Your copy starts at the line containing "L’Union Locale CGT" and ends at the last line below. Copy exactly, without pictures.

● ● ● ● ● ● ●

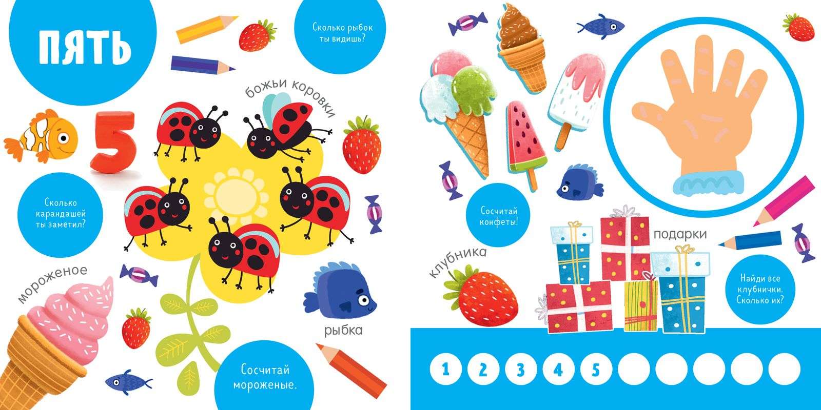 Эта книжка не только развлекательная, но и развивающая. Пока ребенок рассматривает картинки и ищет предметы, он знакомится с разными цветами и узнает названия основных фигур. Причем формат книги «Я ищу числа» подразумевает, что играть и учиться малыш может без помощи родителей, как и во всех книгах серии «Детский сад на ковре».
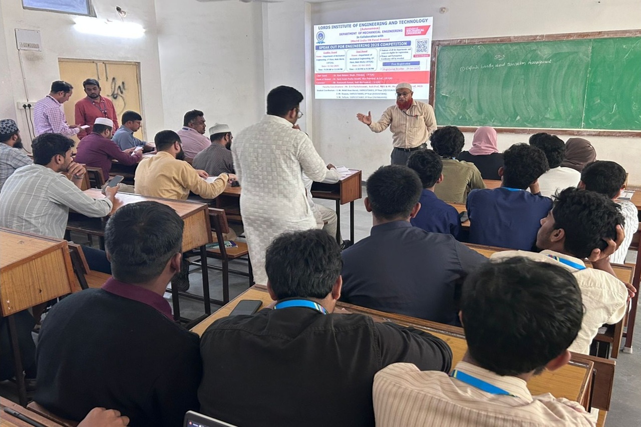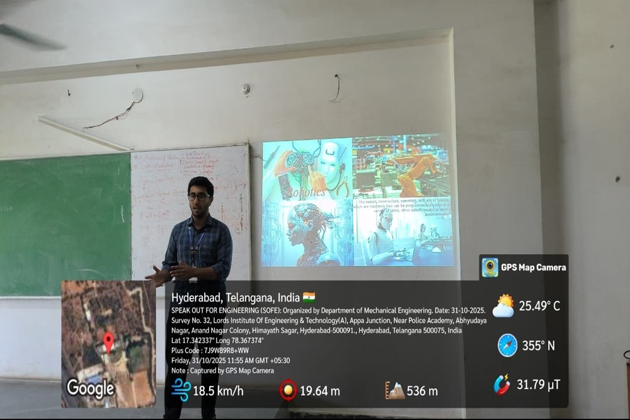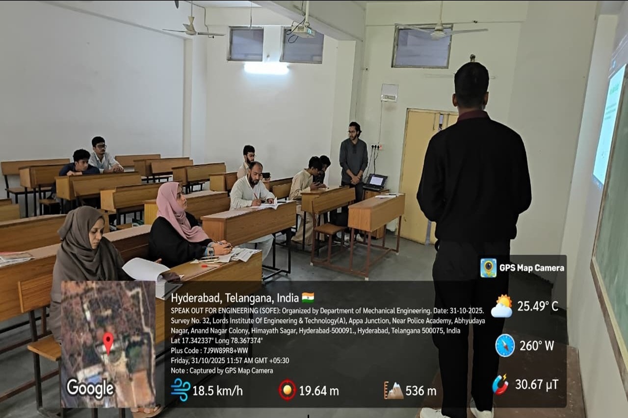 Description about the event (50 Words):The Department of Mechanical Engineering, Lords Institute of Engineering & Technology, in collaboration with the Institution of Mechanical Engineers (IMechE), successfully conducted Speak Out for Engineering (SOFE) 2025. The event saw enthusiastic participation from 128 students, showcasing their communication and presentation skills. Winners will represent Lords at the Hyderabad Finals.
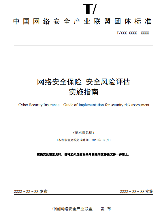 2021年12月24日,中國網(wǎng)絡(luò)安全產(chǎn)業(yè)聯(lián)盟發(fā)布通知,由杭州安恒信息技術(shù)股份有限公司牽頭制定的《網(wǎng)絡(luò)安全保險 安全風(fēng)險評估實施指南》聯(lián)盟標(biāo)準(zhǔn)已完成征求意見稿,進(jìn)入為期一個月的征求意見階段。
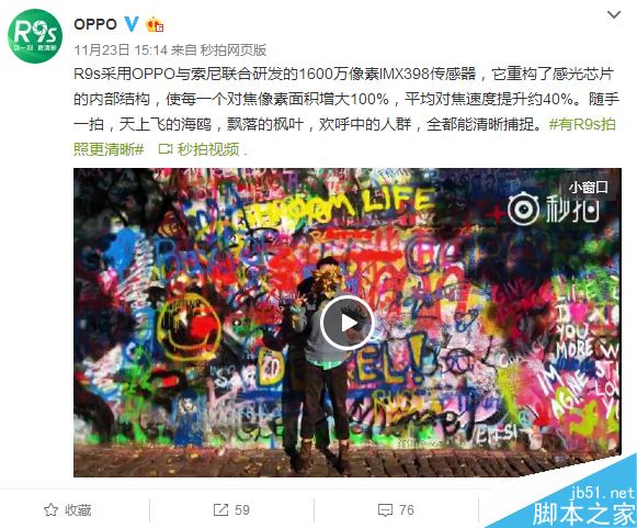 比如OPPO前几天微博发布的秒怕视频,并配文字“R9s采用OPPO与索尼联合研发的1600万像素IMX398传感器,它重构了感光 芯片的内部结构,使每一个对焦像素面积增大100%,平均对焦速度提升约40%。随手一拍,天上飞的海鸥,飘落的枫叶,欢呼中的人 群,全都能清晰捕捉。”
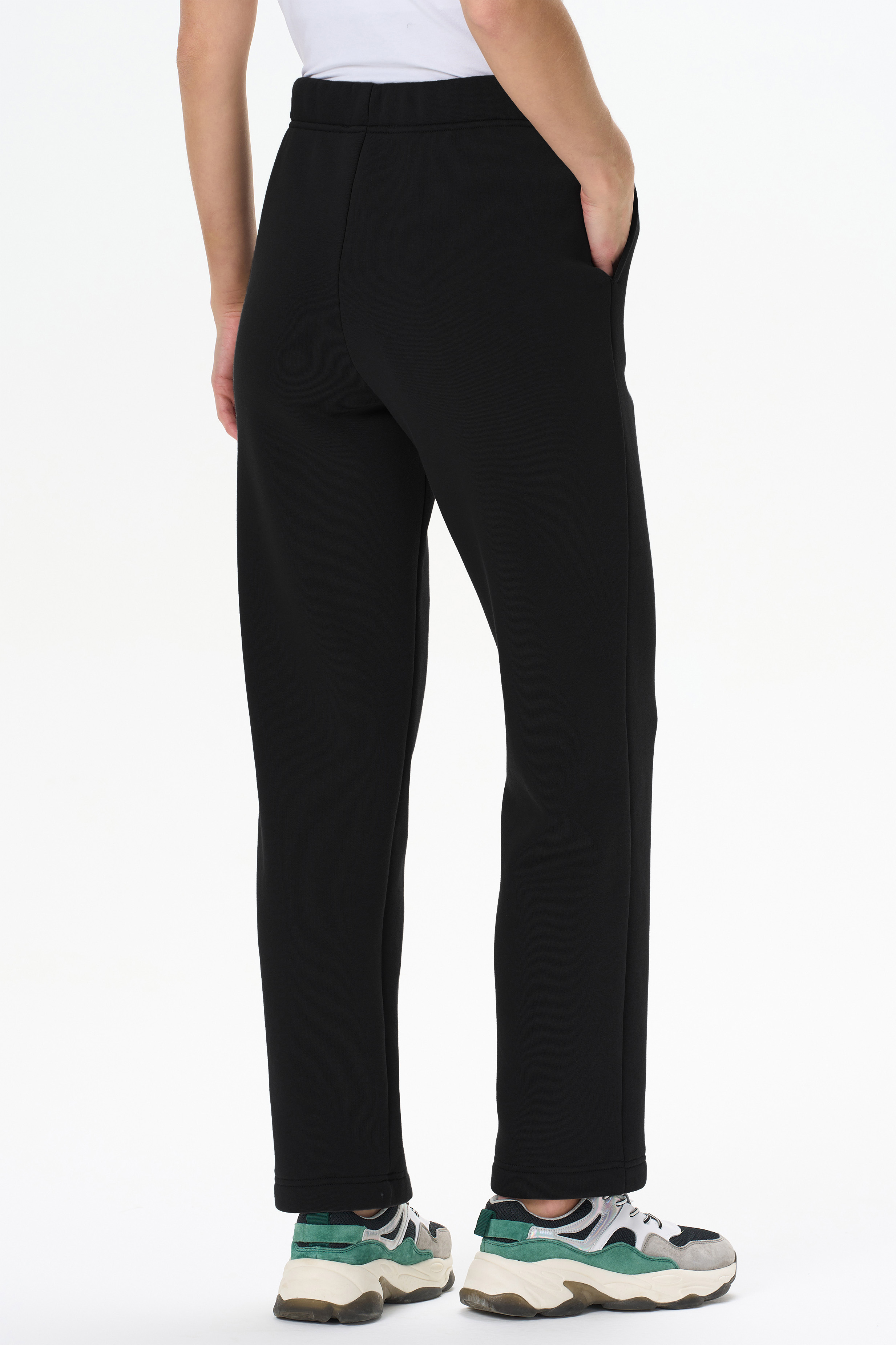 Стильные прямые брюки с карманами из хлопкового футера высокого качества 3-х нитки стриженный начес. Цельнокроеный пояс с эластичной лентой внутри. Длина брюк по боковом шву в 44 размере 107см. Рост модели на фото 177см.
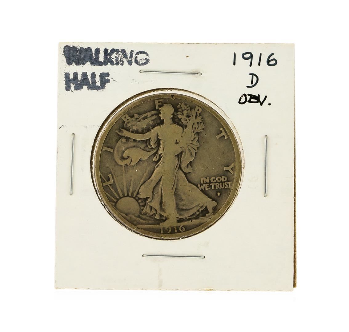 One 1916-D Obverse Walking Liberty Half Dollar.
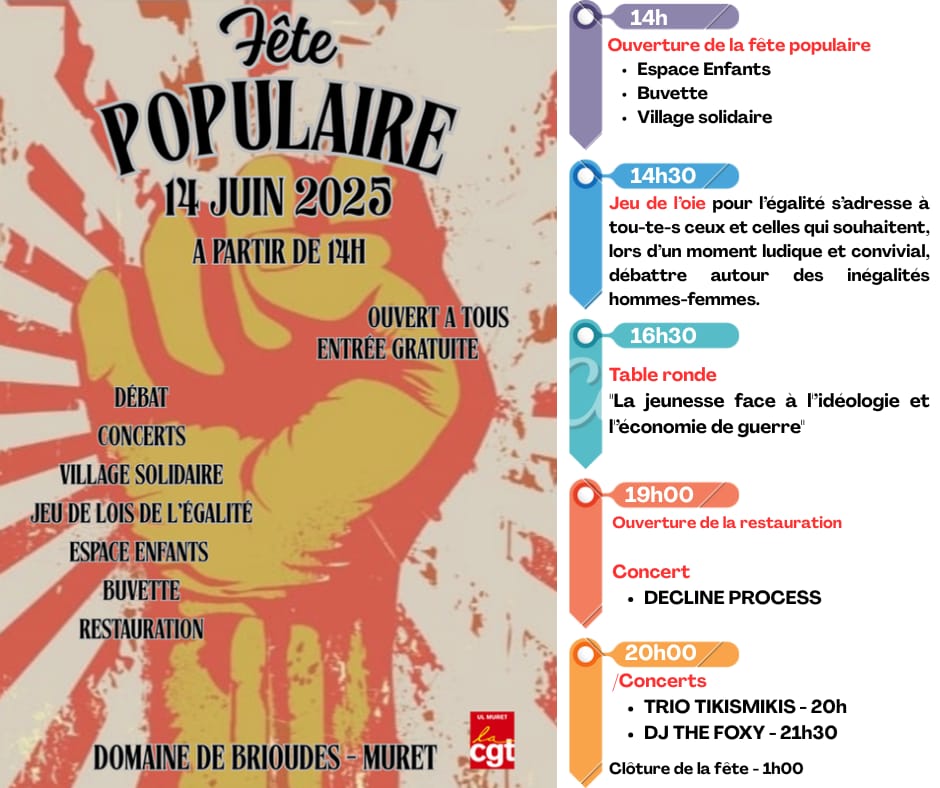 L’Union Locale CGT Muret organise sa 3eme fête syndicale et revendicative le samedi 14 juin 2025 à partir de 14h à Muret (Base de Loisirs de Brioudes).
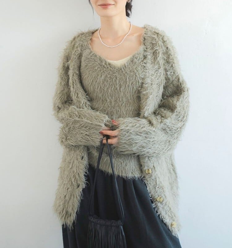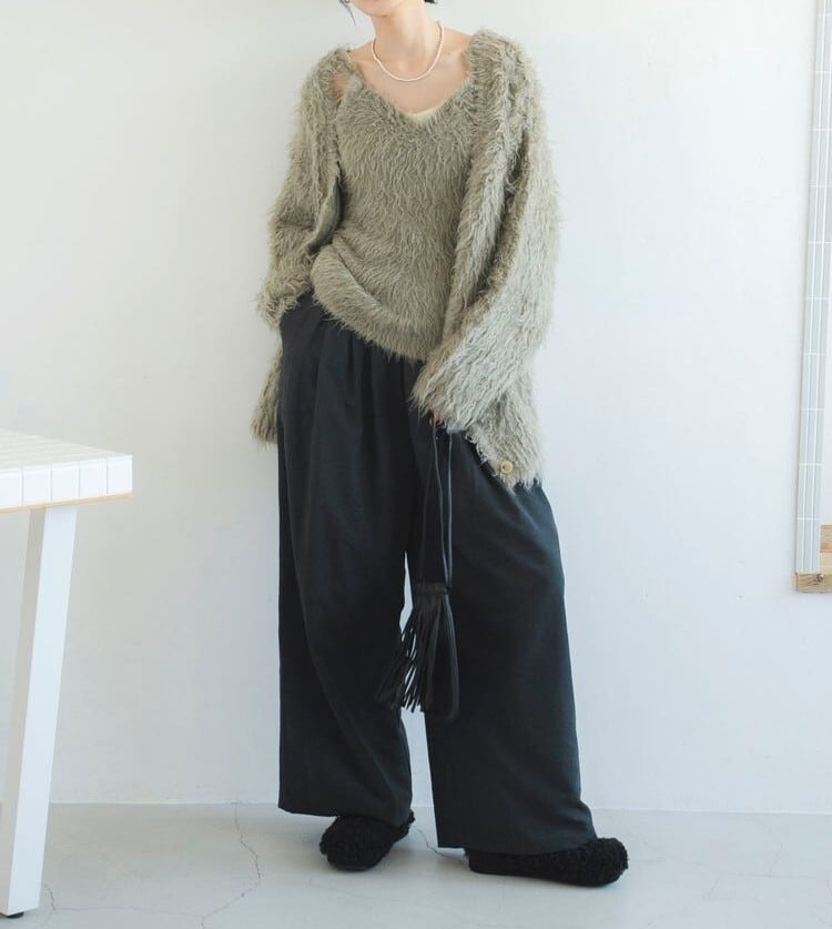 起毛感のある素材が印象的でこの秋冬らしい1着。

● ● ● ● ● ● ●

## Solution for this exercise
 L’Union Locale CGT Muret organise sa 3eme fête syndicale et revendicative le samedi 14 juin 2025 à partir de 14h à Muret (Base de Loisirs de Brioudes).
 起毛感のある素材が印象的でこの秋冬らしい1着。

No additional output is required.